Susan Quaggin, MD, an international authority in the field of nephrology, will join Northwestern University Feinberg School of Medicine as the Charles Horace Mayo Professor of Medicine, and serve as director of the Feinberg Cardiovascular Research Institute (FCVRI) and chief of the Division of Nephrology, effective January 2013.
“As one of the world’s most dynamic and creative investigators in the fields of nephrology and vascular biology, Dr. Quaggin will make an outstanding addition to the Feinberg faculty,” said Eric G. Neilson, MD, Feinberg’s vice president for medical affairs and Lewis Landsberg Dean. “Her career has been built around the pursuit of novel genetic methods to understand the complexity of capillary formation in health and disease, and her leadership will undoubtedly shine an international spotlight on the division and our cardiovascular research institute.”
A graduate from the Faculty of Medicine at the University of Toronto, Quaggin received her specialty degree in internal medicine in 1992. She completed subspecialty training in nephrology at the University of Toronto and did a post-doctoral fellowship at Yale University, where she studied the genetic basis of kidney development. In 1997, she returned to Toronto for a second post-doctoral fellowship in complex mouse genetics in the renowned laboratory of Janet Rossant, and then went on to establish her own stellar program in vascular biology. She comes to Feinberg following long tenure as a scholar and professor of medicine at Toronto, where she currently holds the Gabor-Zellerman Chair in Medicine. A senior scientist with the Samuel Lunenfeld Research Institute at Mount Sinai Hospital, she also is a practicing nephrologist at St. Michael’s Hospital.
“Dr. Quaggin’s arrival extends the impact and competitiveness of Feinberg, and her perspectives will reinvigorate the FCVRI and take research orientation in some new and exciting directions,” said Douglas Vaughan, MD, Department of Medicine chair. “Her leadership will be a magnet for future talent, and I expect she will immediately accelerate and grow our basic research in nephrology,”

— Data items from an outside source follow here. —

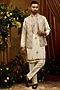 Ivory Silk Thread Embroidered Nehru Jacket Set
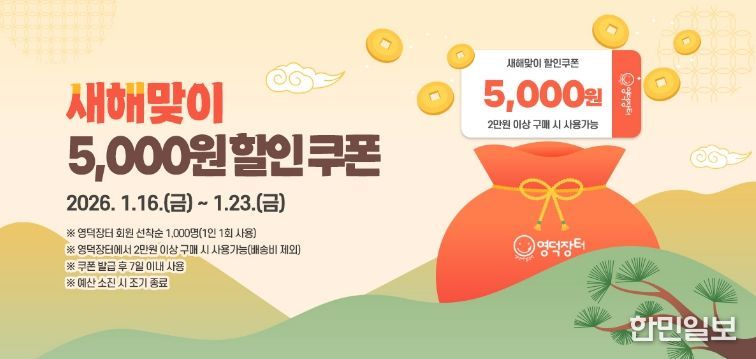 한민일보 서울포커스 임경복 기자 | 영덕군은 지역 특산물의 우수성을 알리고 소비를 촉진하기 위해 온라인 쇼핑몰 ‘영덕장터’ 이용 고객을 대상으로 새해맞이 할인 이벤트를 진행한다.
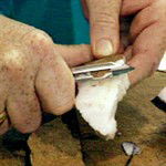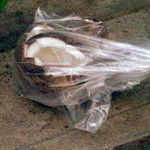 Now remove the pieces from the bag and, using a cloth to protect your hands, prise the tip of a kitchen knife between the nut and the shell. You should find you can force the whole piece out in one go. Sometimes if the coconut is quite dry it will come away very easily.
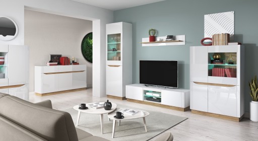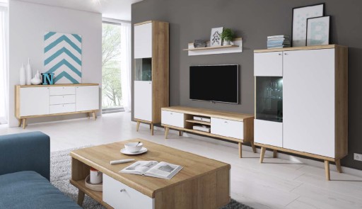 Hit ! Meblościanka OMIRO 1 wykonana z wysokiej jakości płyty laminowanej. Meble wykonane w stylu skandynawskim co znacznie je odróżnia od pozostałych produktów. głównym atutem zestawu jest masywna konstrukcja która wbrew pozorom naprawdę stabilnie stoi na ziemi. Listwy wykańczające wykonane są z MDFu. Każdy element dokładnie oklejony okleiną ABS. Dodatkowym atutem niewątpliwie jest oświetlenie LED które robi niezwykłe wrażenie zwłaszcza wieczorami. Tak wykonany zestaw posłuży przez wiele lat.

Quaggin’s major research focus is on the genetic and molecular pathways that establish and maintain complex capillary structures, particularly those forming the renal glomerular filtration barrier — a highly selective filter that separates circulating blood from the urinary space in the kidney. She has chaired many international research meetings and review panels and is the rising program chair for the 2014 national meeting of the American Society of Nephrology. The recipient of the 2009 Medal for Excellence from the Kidney Foundation of Canada, she is also deputy editor of the Journal of the American Society of Nephrology, the leading kidney journal in the world, serves on the editorial boards of several other journals, and is an elected councilor of the American Society for Clinical Investigation and the International Society of Nephrology. Quaggin was recently named an Academy of Finland Distinguished Professor.